DATA SUPPLIED:
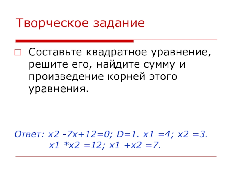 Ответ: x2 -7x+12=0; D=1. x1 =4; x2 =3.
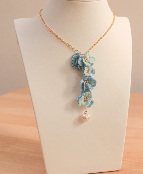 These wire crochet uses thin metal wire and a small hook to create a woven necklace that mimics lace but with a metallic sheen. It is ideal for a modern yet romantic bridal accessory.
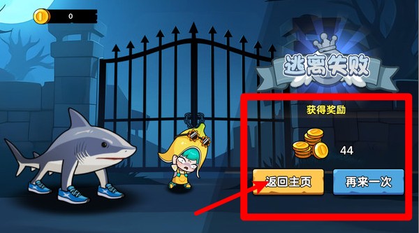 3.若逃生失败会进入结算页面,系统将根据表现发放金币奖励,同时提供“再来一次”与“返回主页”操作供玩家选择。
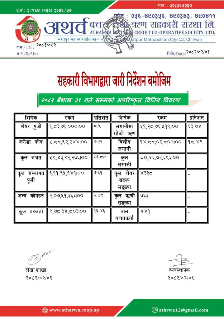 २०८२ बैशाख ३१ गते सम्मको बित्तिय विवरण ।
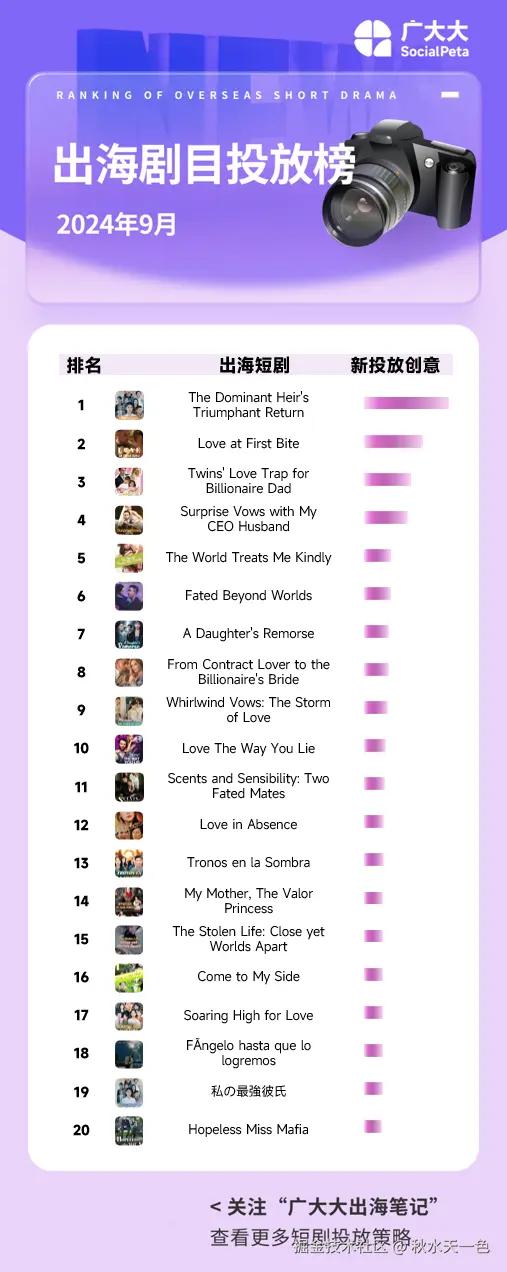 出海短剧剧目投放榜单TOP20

EXERCISE:
In copying the material, drop all pictures and keep everything else identical.

YOUR SOLUTION:
 Ответ: x2 -7x+12=0; D=1. x1 =4; x2 =3.
 These wire crochet uses thin metal wire and a small hook to create a woven necklace that mimics lace but with a metallic sheen. It is ideal for a modern yet romantic bridal accessory.
 3.若逃生失败会进入结算页面,系统将根据表现发放金币奖励,同时提供“再来一次”与“返回主页”操作供玩家选择。
 २०८२ बैशाख ३१ गते सम्मको बित्तिय विवरण ।
 出海短剧剧目投放榜单TOP20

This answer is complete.